3/7/14

Inilah Pelanggaran UU Perdagangan Terhadap Konstitusi

(Analisis IGJ & IKAPPI terkait dengan UU Perdagangan- Telah dimuat dalam website IGJ www.igj.or.id)

Pengantar

Pengesahan Undang-undang Perdagangan oleh DPR RI bersama dengan Pemerintah pada dasarnya tidak mengubah wajah kolonialisme dari undang-undang perdagangan terdahulu. Hal ini karena pasal-pasal yang diatur dalam UU Perdagangan yang baru merupakan pengadopsian dari ketentuan perjanjian perdagangan internasional, yakni WTO. Ketentuan WTO merupakan suatu bentuk aturan neo-kolonialisme yang mendorong liberalisasi perdagangan sehingga mengakibatkan hilangnya kedaulatan Negara dalam mempertahankan kepentingan nasionalnya akibat komitmen yang diikatkannya. Oleh karena itu, UU perdagangan berpotensi melanggar Konstitusi. Berikut merupakan analisis IGJ mengenai pelanggaran UU Perdagangan terhadap Konstitusi:

RUU Perdagangan Tetap Liberal

RACHMI HERTANTI
Kepala Bidang Penelitian Strategis, Indonesia for Global Justice (IGJ)
(Ditulis ketika akan menyikapi pengesahan UU Perdagangan di DPR RI)

Sesaat sebelum pengumuman resmi pengunduran diri Gita Wirjawan sebagai Menteri Perdagangan pada 31 Januari yang lalu, DPR RI memastikan akan mengesahkan RUU perdagangan.

Substansi RUU Perdagangan diklaim telah berhasil dicapai dengan misi melindungi kepentingan nasional dari praktik liberalisasi perdagangan yang berjalan hari ini. Padahal dalam perjalanannya, liberalisasi perdagangan telah menimbulkan dampak buruk bagi perekonomian nasional, khususnya bagi petani, nelayan, buruh, dan usaha mikro.

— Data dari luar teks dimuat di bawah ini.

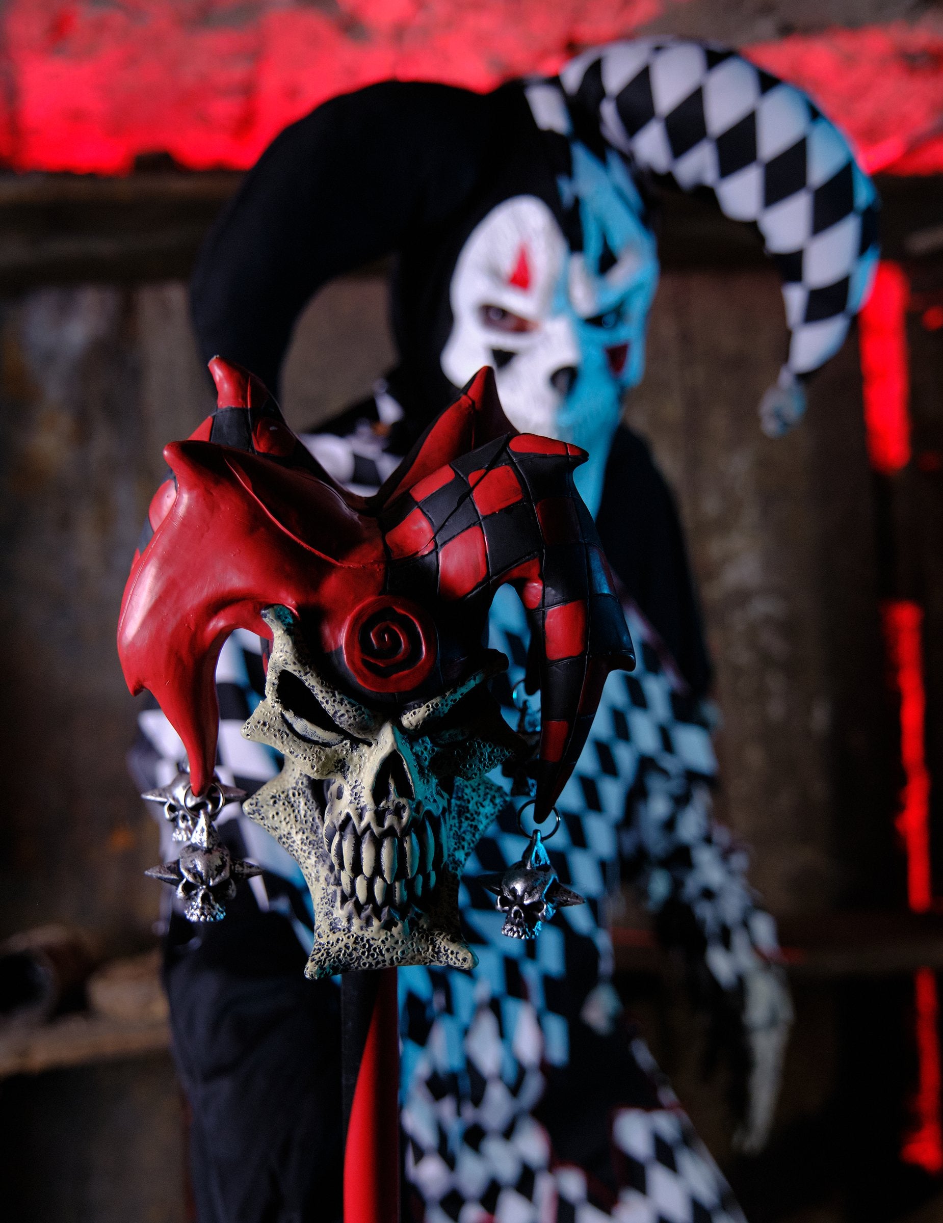 Această tijă de bufon este roșie și neagră. Are 101,6 cm înălțime. Craniul din vârful trestiei poartă pălării negre și roșii cu jumătate de peste jumătate. La capătul trapelor pălăriei sunt clopote de craniu înconjurate de vârfuri. Bania este roșie și neagră. Completați -vă costumul mortal de bufoon mort pentru Halloween cu acest baston.

Secara multilateral, Indonesia telah terikat dengan World Trade Organization (WTO) sejak tahun 1995, dan diperkuat kembali dengan politik pencitraan yang dilakukan Gita dengan menyepakati Paket Bali WTO pada Desember 2013 yang lalu di Bali.

Sedang pada level regional, ASEAN Free Trade Area (AFTA) telah menjadi komitmen liberalisasi perdagangan Indonesia di ASEAN sejak 1996. Komitmen ini diperluas dengan pemantapan Integrasi Ekonomi ASEAN (ASEAN Economic Community) yang akan diimplementasikan pada 2015 nanti. Namun, sebelum AEC liberalisasi perdagangan juga telah berjalan antara enam negara mitra ekonomi ASEAN yang diikatkan secara bilateral oleh Indonesia, yakni kerja sama dengan Jepang, China, India, Korea, Australia, dan New Zealand.